Keith Johnson, Deseret News
ALPINE The first thing people assume is that it was all planned.
The 5 Browns, the all-sibling classical piano quintet from Utah, was surely the result of stage parents who aspired to raise five piano prodigies and pack them off to Juilliard, followed by appearances on "Oprah," "60 Minutes" and "The Tonight Show," followed by a recording contract and worldwide concert tours.
Which is exactly what happened, but no one saw it coming.
Who would invite financial ruin on themselves to make it happen? Keith and Lisa Brown, both in their early 50s, don't even have a house to call their own they're living in her parents' home in Alpine.
The Browns made this up as they went along, one thing leading to another, Keith and Lisa as surprised as anyone each step of the way. Nobody could have planned it. It's preposterous. It's like planning to produce all five starters for the Boston Celtics.
"If we had planned it, we would have had them play different instruments," Lisa says.
But it happened anyway, and Desirae, 29; Deondra, 28; Greg, 25; Melody, 24; and Ryan, 22, have given stodgy classical music a shot in the arm. Their three CDs have spent several weeks atop Billboard's classical music charts, and their concert tours sell out in nearly all 50 states, Japan, Germany, France, Korea, Mexico and England.

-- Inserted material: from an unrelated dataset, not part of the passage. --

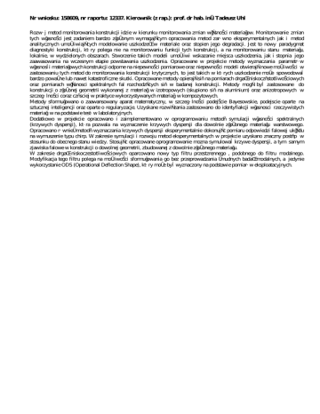 Nr wniosku: 158609, nr raportu: 12337. Kierownik (z rap.): prof. dr hab. inż. Tadeusz Uhl Rozwój metod monitorowania konstrukcji idzie w kierunku monitorowania zmian włąsności materiałow. Monitorowanie zmian tych własności jest zadaniem bardzo złożonym wymagającym opracowania metod zarówno eksperymentalnych jak i metod analitycznych umożliwiających modelowanie uszkodzeń w materiale oraz stopien jego degradacji. Jest to nowy paradygmat diagnostyki konstrukcji, który polega nie na monitorowaniu funkcji tych konstrukcji, a na monitorowaniu stanu materiału, lokalnie, w wydzielonych obszarach. Stworzenie takich modeli umożliwi wskazanie miejsca uszkodzenia, jak i stopnia jego zaawasowania na wczesnym etapie powstawania uszkodzenia. Opracowane w projekcie metody wyznaczania parametrów własnosći materiałowych konstrukcji odporne na niepewności pomiarowe oraz niepewności modeli otwierają nowe możliwości w zastosowaniu tych metod do monitorowania konstrukcji krytycznych, to jest takich w których uszkodzenie może spowodować bardzo poważne lub nawet katastroficzne skutki. Opracowane metody opierają się na pomiarach drgań niskoczęstotliwościowych oraz pomiarach włąsnosci spektralnych fal rozchodzących się w badanej konstrukcji. Metody mogą być zastosowane do konstrukcji o złożonej geometrii wykonanej z materiałów izotropowych (skupiono się na aluminium) oraz anizotropowych w szczególności coraz częsciej w praktyce wykorzystywanych materiałów kompozytowych. Metody sformułowano o zaawansowany aparat matematyczny, w szczególności podejście Bayesowskie, podejscie oparte na sztucznej inteligencji oraz oparte o regularyzacje. Uzyskane rozwiązania zastosowano do identyfiakcji własnosci rzeczywistych materiałów na podstawie testów labolatoryjnych. Dodatkowo w projekcie opracowano i zaimplementowano w oprogramowaniu metodę symulacji własności spektralnych (krzywych dyspersji), która pozwala na wyznaczenie krzywych dyspersji dla dowolnie złożonego materiału warstwowego. Opracowano również metodę wyznaczania krzywych dyspersji eksperymentalnie dokonując pomiaru odpowiedzi falowej ukłądu na wymuszenie typu chirp. W zakresie symulacji i rozwoju metod eksperymentalnych w projekcie uzyskano znaczny postęp w stosunku do obecnego stanu wiedzy. Stosując opracowane oprogramowanie mozna symulować krzywe dyspersji, a tym samym zjawiska falowe w konstrukcji o dowolnej geometrii, zbudowanej z dowolnie złożonego materiału. W zakresie drgań niskoczestotliwościowych oparcowano nowy typ filtru przestzrennego , podobnego do filtru modalnego. Modyfikacja tego filtru polega na możliwości sformułowania go bez przeprowadzania żmudnych badań modalnych, a jedynie wykorzystanie ODS (Operational Deflection Shape), który może być wyznaczony na podstawie pomiarów eksploatacyjnych.

In concert, the Browns treat their fans to a musical circus act featuring 50 flying fingers. The Browns play in various combinations solo, duet, duo,
trio, six hands, quintet. When the three ladies play "Clair de Lune" on one piano, their long, slender white arms look like six swans gracefully nodding to the keyboard. Otherwise, the Browns play with almost violent passion, attacking the keyboard, heads hammering or lolling to the music, eyes closed or stealing looks at each other to maintain their timing, which is so impeccable that five pianos sound as one. They play their entire program from memory, without sheet music.
There has never been anything quite like them. There weren't even any five-piano arrangements when they began their professional careers five years ago. They retained, among others, Jeff Shumway, a Brigham Young University professor and fellow Juilliard alum, to do create special arrangements.